CA Insurance Commissioner Jones Asks Blue Shield to Delay Rate Hikes to Allow for Review

Insurance Commissioner Dave Jones in one his first acts in his position called on Blue Shield of California on Thursday to delay planned rate hikes for individual health insurance policies while his department reviews what he called “stunning” increases for financially struggling Californians.

Source: Source: San Diego Tribune | Published on January 7, 2011

Blue Shield is pursuing a series of rate hikes over five months that would mean an average increase of 35 percent for 193,000 individual policyholders in California, with as many as a one-quarter of policyholders seeing hikes higher than 50 percent, according to the company.

The first increase occurred in October, a second on Jan. 1 and a third is scheduled for March 1.

Blue Shield issued a statement blaming the hikes on increased medical costs, sicker policyholders and healthier people dropping coverage because of the economy. Even with the increases, the company said it expects to lose tens of millions of dollars on its individual policies in both 2010 and 2011.

At a news conference in Sacramento, Jones said, “These premium increases will impose significant financial burdens on struggling families and, in some cases, will lead to the loss of health care coverage altogether.”

Jones, who was sworn into office Monday, said he sent a letter to Blue Shield Chief Executive Bruce Bodaken asking him to delay increasing rates for 60 days beyond the planned March 1 rate hike. He said his request includes halting the increases that took effect Jan. 1.
Bodaken was on a plane and unavailable to respond immediately, Blue Shield spokeswoman Mary Taing said.

The company’s statement said the increases “have almost nothing to do with the federal health reform law” and that the federal laws ultimately will help by expanding the pool of policyholders, instituting cost and quality controls, and providing incentives for preventive care.

Drastic rate hike proposals in California last year served as national fodder for federal lawmakers promoting the Affordable Care Act, which was signed into law last March. Anthem Blue Cross initially proposed a 39 percent increase last spring, with other insurers suggesting similar rates.

The companies ultimately settled on average rates ranging between 14 and 18 percent.
Jones said the situation underscored why, as an Assemblyman, he had pushed for six years to give the state insurance commissioner the power to regulate insurance rates and reject those deemed excessive.
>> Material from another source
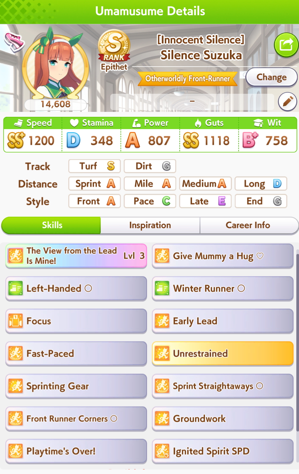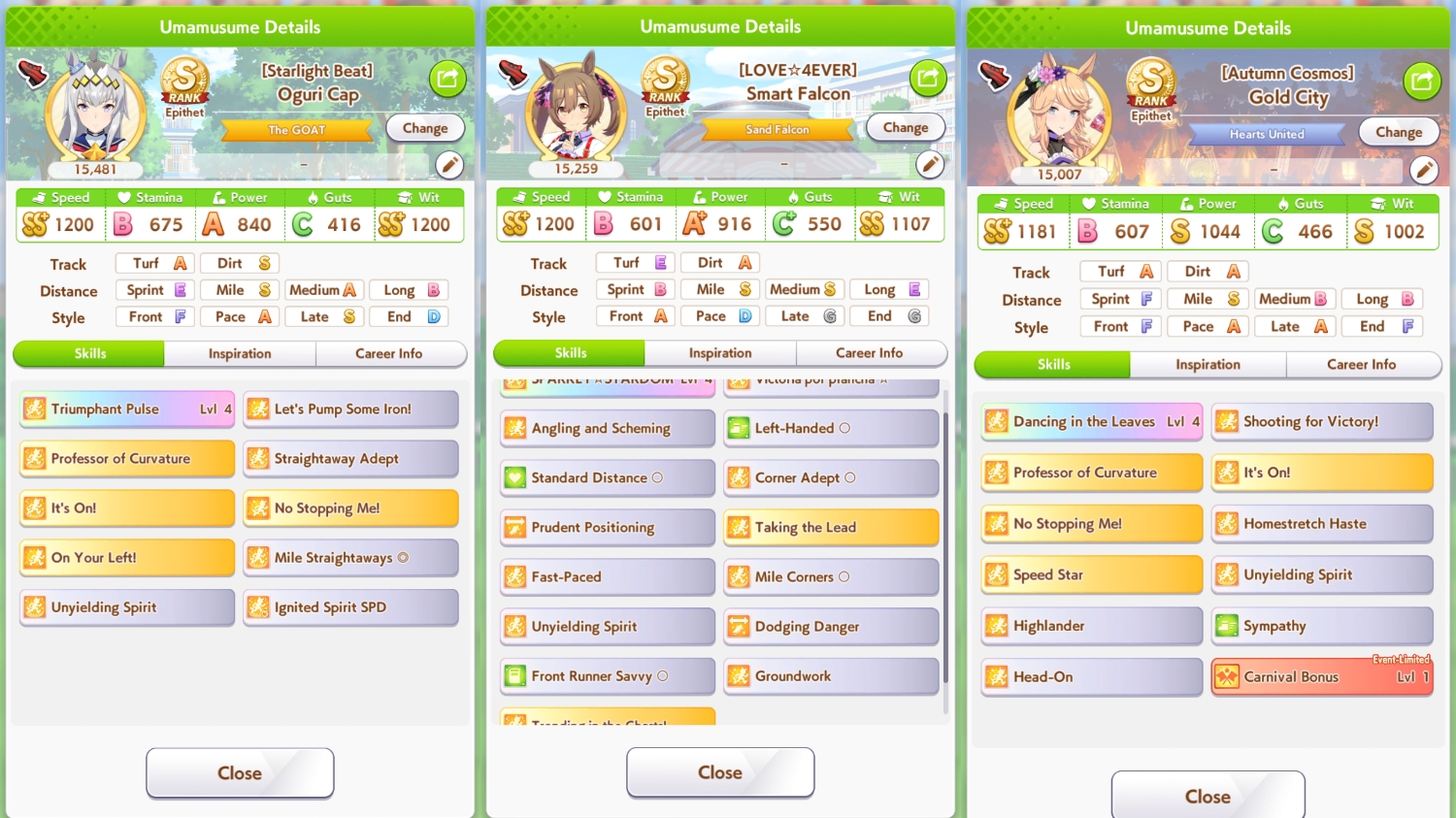 >>557004534NTA but I could never make parent runs work in Aoharu either. They either come out with good stats but no race affinity/SP or good affinity skills, but fail the career due to low stats. I think the good Aoharu parents that get posted here are photoshopped.

Last year, Jones co-sponsored a bill with that language that was voted down by the Legislature on the last day of the session.
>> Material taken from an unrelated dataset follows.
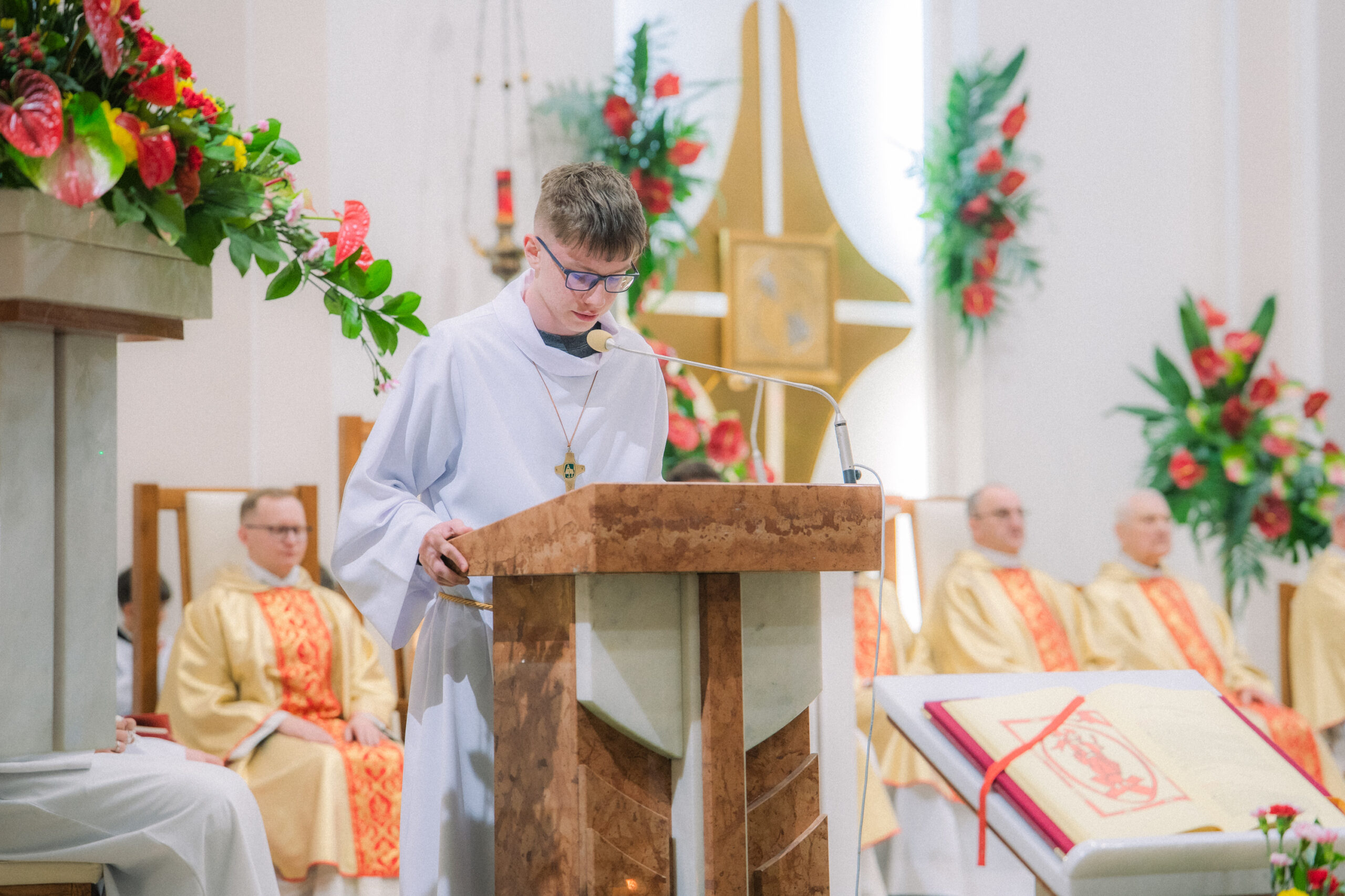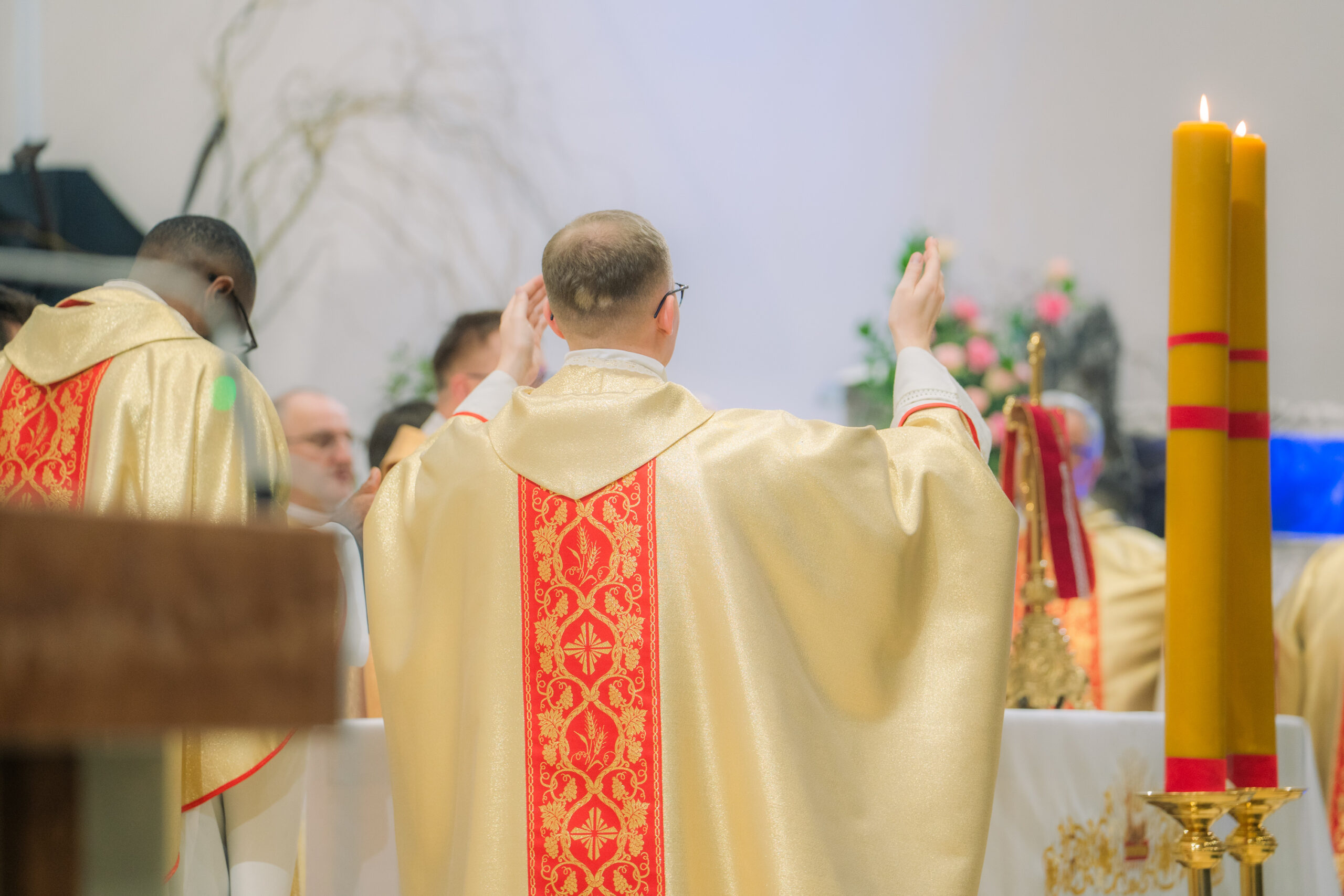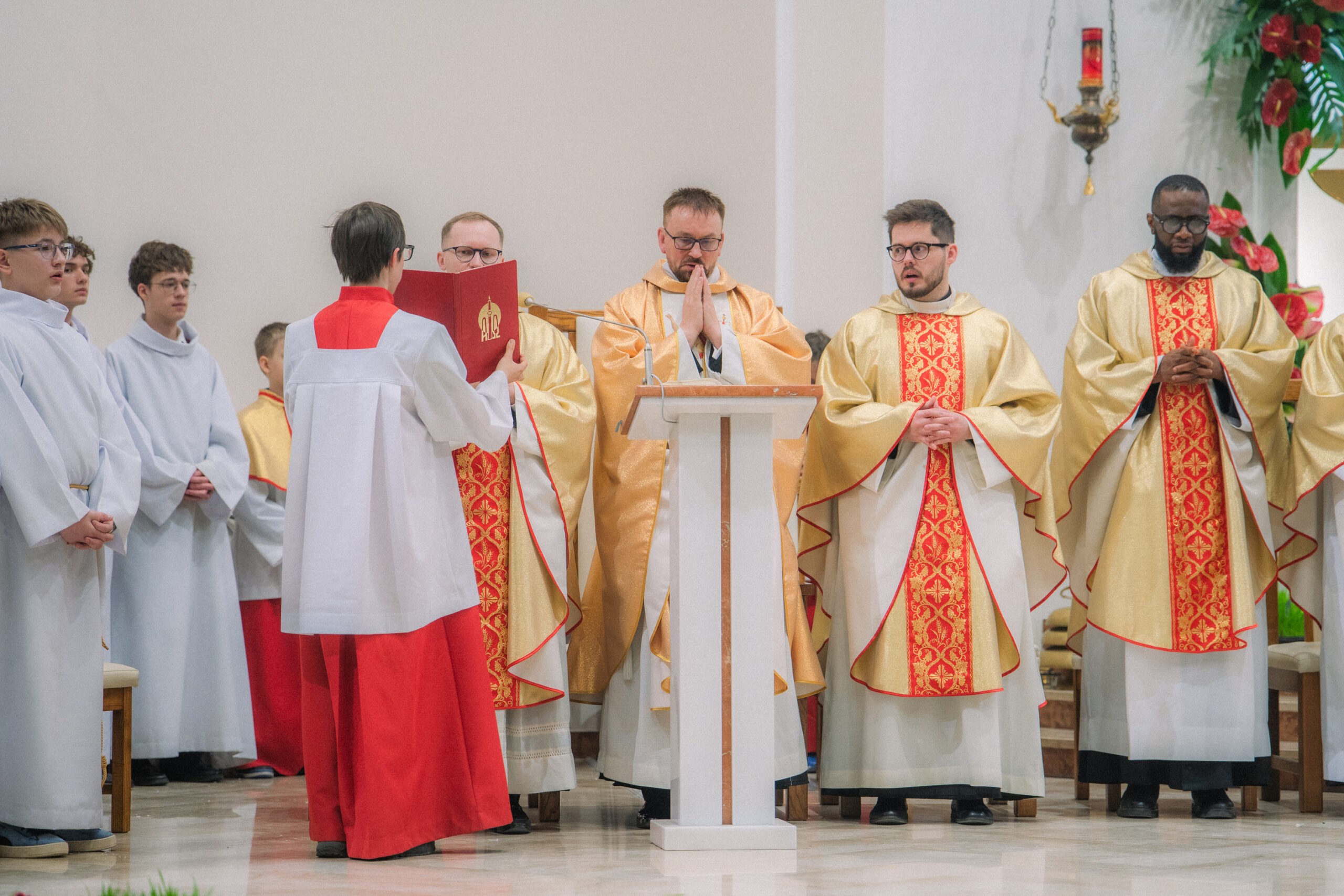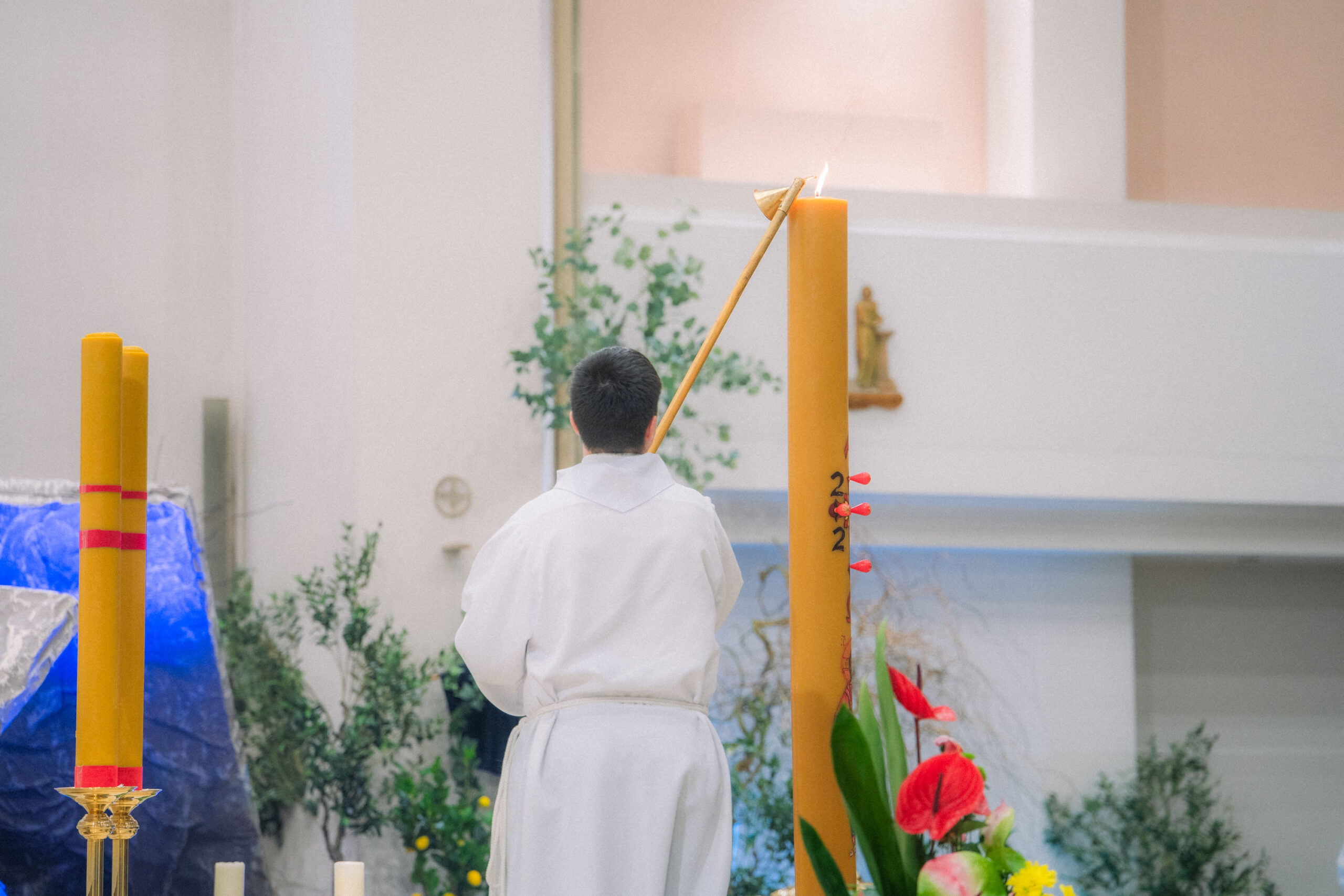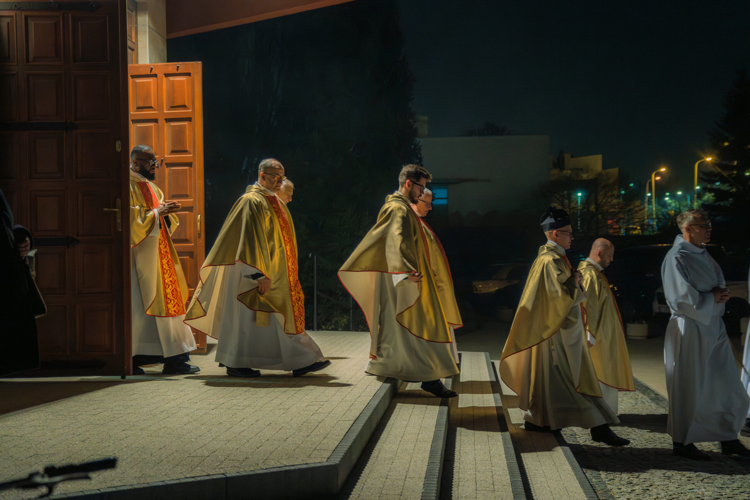 Liturgia rozpoczęła się od obrzędu światła – poświęcenia ognia i zapalenia Paschału, który symbolizuje Chrystusa Zmartwychwstałego, rozpraszającego ciemności grzechu i śmierci. Następnie odśpiewany został przez ks. Dominika Gaładyka, S.A.C., uroczysty Exsultet, czyli starożytne orędzie wielkanocne. Jest to podniosły hymn wykonywany na początku Wigilii Paschalnej, który wzywa całe stworzenie do radości i wychwala Boga za dar zbawienia oraz zwycięstwo Chrystusa nad śmiercią.

The commissioner only has the power to disapprove policies if less than 70 percent of premium revenue was spent on health care costs — generally considered a low threshold.
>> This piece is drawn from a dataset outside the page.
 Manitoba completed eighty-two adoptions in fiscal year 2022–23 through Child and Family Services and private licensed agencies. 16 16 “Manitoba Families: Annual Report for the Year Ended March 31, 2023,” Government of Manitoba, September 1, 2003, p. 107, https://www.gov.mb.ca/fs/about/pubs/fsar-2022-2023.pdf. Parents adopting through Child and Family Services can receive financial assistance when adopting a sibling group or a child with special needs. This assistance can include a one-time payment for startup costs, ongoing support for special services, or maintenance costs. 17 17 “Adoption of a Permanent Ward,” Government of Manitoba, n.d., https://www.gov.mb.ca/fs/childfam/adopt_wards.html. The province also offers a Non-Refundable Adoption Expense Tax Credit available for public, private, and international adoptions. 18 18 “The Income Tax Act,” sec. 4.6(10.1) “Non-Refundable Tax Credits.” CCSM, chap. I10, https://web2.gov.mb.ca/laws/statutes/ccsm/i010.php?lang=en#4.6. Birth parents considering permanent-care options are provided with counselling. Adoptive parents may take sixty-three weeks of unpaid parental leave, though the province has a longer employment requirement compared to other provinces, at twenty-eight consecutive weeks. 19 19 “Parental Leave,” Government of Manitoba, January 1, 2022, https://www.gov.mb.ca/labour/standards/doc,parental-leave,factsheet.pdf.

Two new consumer protection laws took effect Jan. 1, however.

A new state law — one that succeeded when Jones’ bill failed — requires insurers to publicly disclose their proposed rates and to include a certification by an independent actuary that the increase is actuarially reasonable or not.

A new federal law also requires insurers to spend at least 80 percent of premium revenue from individual insurance plans on health care costs (or 85 percent for group plans) or pay consumers a rebate. On Monday, Jones issued an emergency regulation giving the state the same authority.
Taing said Blue Shield’s new rates meet the federal requirement that 80 percent of premiums are spent on health care expenses.

The Blue Shield controversy prompted U.S. Health and Human Services Secretary Kathleen Sibelius to weigh in, issuing a statement that she has contacted Jones to offer assistance if needed.

“The people of California have a right to be concerned when they see this kind of rate increase month after month,” she said.
Sibelius said the federal Affordable Care Act — which Republicans in the House of Representatives have vowed to repeal next week — is aimed at protecting consumers from such rate hikes.

“If the law were repealed, we would be left with few tools to protect consumers against these kinds of rate increases,” Sibelius said. “Insurers would be able to spend more on profits, marketing, and CEO bonuses, instead of care.”
Jones said other insurers have filed their newest individual policy rates with his office but he hasn’t had a chance yet to review them. He said he expects other companies to follow Blue Shield’s lead.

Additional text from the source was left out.